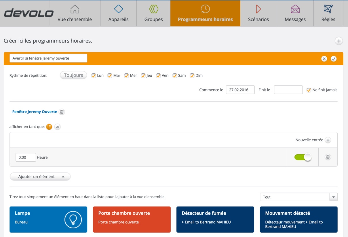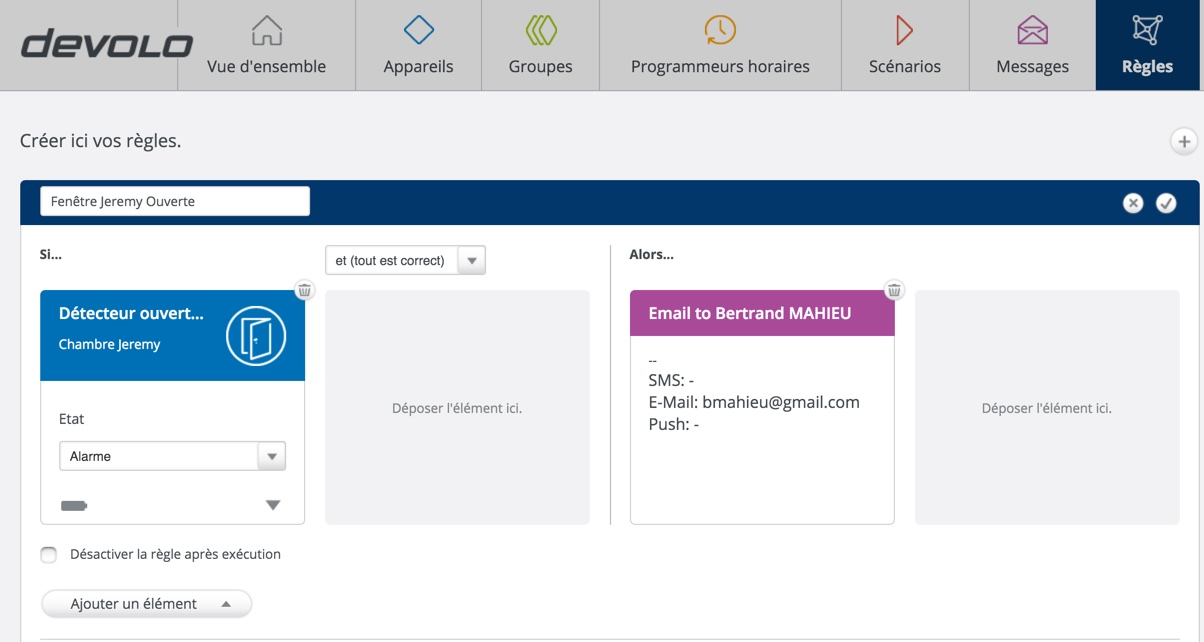 Ensuite, il me suffit de créer une règle : “Si la fenêtre de Jeremy s’ouvre, alors envoie un mail“. Je me suis ensuite assuré que cette règle était valable en permanence et j’ai réalisé un test d’ouverture. Résultat : J’ai bien reçu un mail d’alerte.
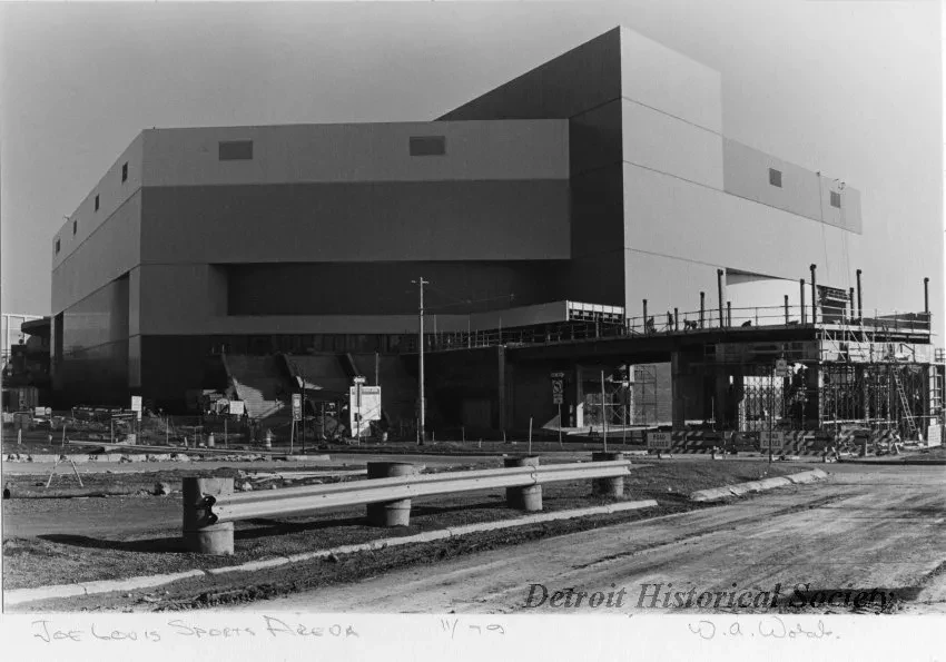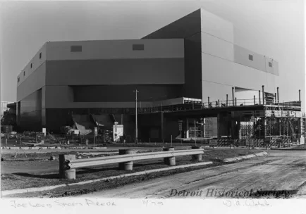 Black and white photographic print mounted on board depicting construction outside of Joe Louis Arena, with a guardrail in the foreground.
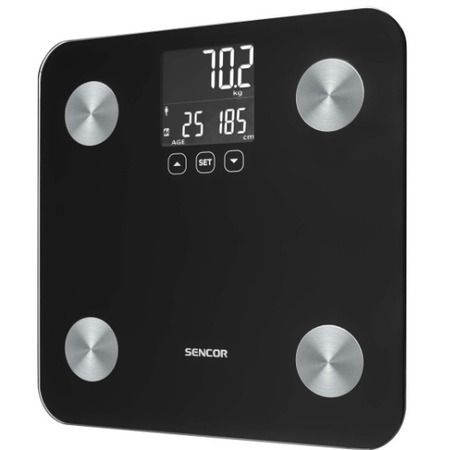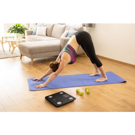 Персональные фитнес весы. Весы измеряют не только вес, но и параметры тела и их анализируют. Весы также легко контролировать с помощью сенсорных кнопок и легкого чтения дисплея с подсветкой. Весы привлекут внимание благодаря дизайну со стеклянной платформой для взвешивания. Это делает вес идеальным для любой комнаты, их легко чистить и обслуживать. Имеет большой ЖК-дисплей с подсветкой. Совмещение стекла и поверхности из нержавеющей стали для легкого обслуживания.
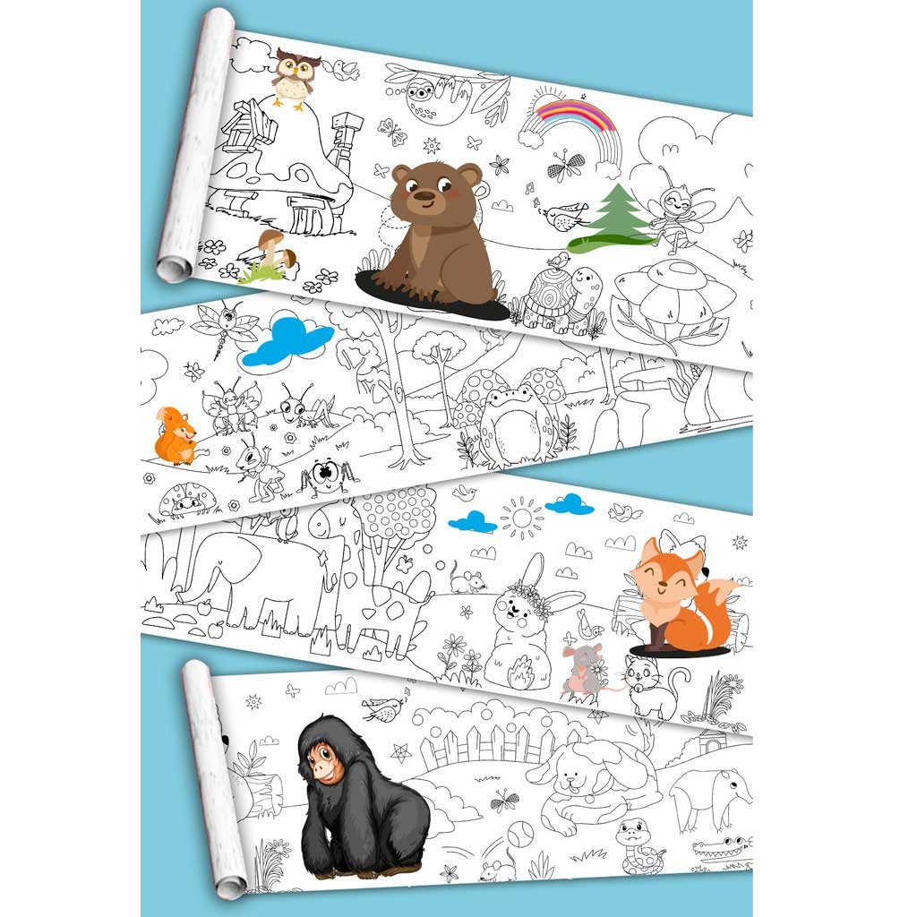 Sevimli Dostlar – Hayvanlar Alemi Boyama Kağıdı Rulosu ile çocuğunuz, hayvan sevgisiyle dolu bir dünyayı renklendirmenin keyfini çıkaracak! 🐼🦋
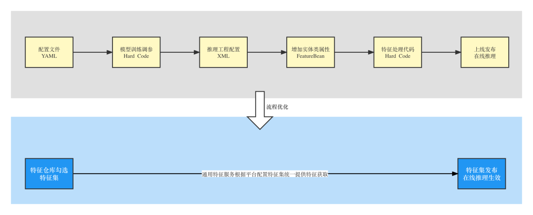 模型离线训练过程比较长,分为前期的高效调参与离线训练,算法同事在对参数等调整和验证之后,通过编写 YAML 文件设定模型训练参数,执行分布式调度任务,完成模型的训练及生成。在部署模型服务的时候,算法同事首先需要与工程开发人员沟通该模型使用到特征及使用方式,然后工程同事据此来编写特征查询 XML 与模型特征拼接的实现代码,通过离线验证后,需要手动在发布系统部署该模型成为在线服务。特殊情况下,可以由算法同事来编写模型特征拼接的实现逻辑,但是这对于算法同事的工程能力要求较高,另外,就算可以实现,编写与执行效率也难以得到保证。

→ EXERCISE OBJECTIVE
Only the lines from the first line of the data above through the line with "Black and white" should appear in the answer, retyped exactly, with every picture left out.

→ ANSWER AREA
 Ensuite, il me suffit de créer une règle : “Si la fenêtre de Jeremy s’ouvre, alors envoie un mail“. Je me suis ensuite assuré que cette règle était valable en permanence et j’ai réalisé un test d’ouverture. Résultat : J’ai bien reçu un mail d’alerte.
 Black and white photographic print mounted on board depicting construction outside of Joe Louis Arena, with a guardrail in the foreground.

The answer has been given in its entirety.